Omitting all images, set down every line below exactly as it appears.

BEGIN Provided material

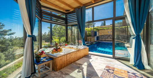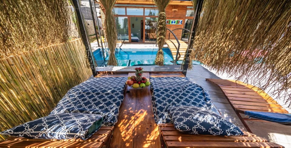 Havuz ve Bahçe: Muhafazakar özel yüzme havuzu, şezlong, şemsiye, oturma grubu ve barbekü alanı mevcuttur.
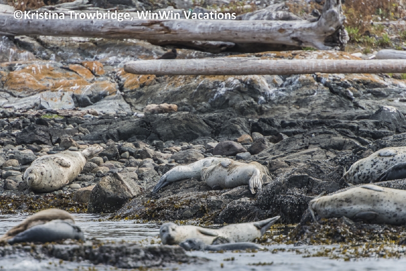 Harbor seals on driftwood
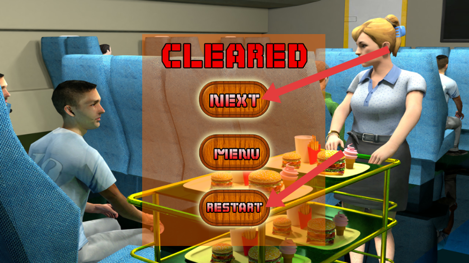 3、到達目標區域后,利用場景中的道具,比如餐車等,準備為乘客配送多種美味食物。
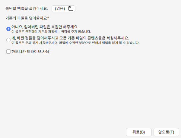 개인자료의 복원은 완전 덮어쓰거나 잃어버린 파일만 복구할 수 있습니다. 로컬PC에 저장이 되었거나 하모니카 드라이브에 저장된 백업파일을 선택할 수 있습니다.&#x20;
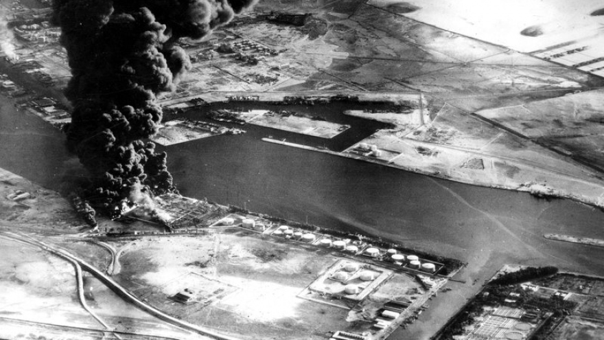 VOV.VN - Hàng trăm 100 tàu chở hàng hóa, dầu thô, khí đốt đang bị mắc kẹt sau khi một tàu chở hàng siêu trường siêu trọng bất ngờ mắc cạn, chắn ngang kênh đào Suez (Ai Cập).

END Provided material

■ **Answer section**
 Havuz ve Bahçe: Muhafazakar özel yüzme havuzu, şezlong, şemsiye, oturma grubu ve barbekü alanı mevcuttur.
 Harbor seals on driftwood
 3、到達目標區域后,利用場景中的道具,比如餐車等,準備為乘客配送多種美味食物。
 개인자료의 복원은 완전 덮어쓰거나 잃어버린 파일만 복구할 수 있습니다. 로컬PC에 저장이 되었거나 하모니카 드라이브에 저장된 백업파일을 선택할 수 있습니다.&#x20;
 VOV.VN - Hàng trăm 100 tàu chở hàng hóa, dầu thô, khí đốt đang bị mắc kẹt sau khi một tàu chở hàng siêu trường siêu trọng bất ngờ mắc cạn, chắn ngang kênh đào Suez (Ai Cập).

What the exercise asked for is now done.